I knew they were waiting for me to say something but what could I say? My choices were between being murdered or suicide.

“Are you sure that’s what happens to the girls?” David finally asked Luka. “That they are killed?”

Luka casually brushed some crumbs from his lap. Good looking? Yes. Attractive? No. I wanted to choke him for being so blasé about my upcoming demise. “I can’t be sure but I assume so. Emma always comes back alone and the girl is never seen again.”

“Well didn’t you think to ever follow them maybe?” I snapped. How he could be so uncaring was mind blowing.

He shifted his hard eyes to mine. They were storm colored again. “I did follow them, countless times. And the harder I ran they outpaced me even though they were walking. I couldn’t run from the castle to the edge of the forest in the time they walked it and disappeared.
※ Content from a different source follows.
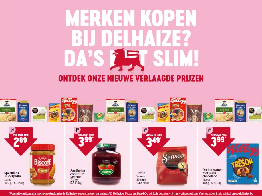 Sinds vorige week donderdag adverteert Delhaize in de pers en op zijn website enkele opvallende prijsverlagingen voor bekende A-merkreferenties. Het gaat om slechts elf producten, maar de prijsverlagingen zijn wel fors te noemen. Zo gaat de Biscoff speculoospasta 400g van 2,89 naar 2,69 euro, de Materne aardbeienconfituur 720g van 4,49 naar 3,99 euro, Senseo Classic 36 pads van 4,69 naar 3,49 euro en Kellogg’s Trésor melkchocolade 410g van 4,69 naar 3,99 euro.

And please keep in mind they are only human while I am jinn.”

“So you couldn’t—”

“And when I tried to follow from the door of the girl’s bedroom I couldn’t get down the hall.”

“What, you like, froze?” I asked, confused and angry.

“No. Reality and spaced shifted, stretched. What is a short walk down the hall for them becomes miles for me if I try to follow. And no matter how hard I run, or how hard I drive my horse—yes, I have tried everything—I can’t catch up, I cannot follow.” He pressed his lips together and for a second I thought I saw a tiny flash of pain, of remorse.

“So that’s just it then?” I finally said, my head dropping into my hands.

“No. That’s not it,” David said, pushing a cup of coffee towards me. I ignored it. “We don’t know the girls are killed. Perhaps there is something I can do to help—after.”

I stared at him blankly. “If I don’t get murdered then I’m going to be left to wander around the woods never to be seen again. So if by help you mean locate my corpse and bury it, that would be great, thanks.”

His face was gentle and kind, as if he knew something I didn’t. Which was probably the case—it always was.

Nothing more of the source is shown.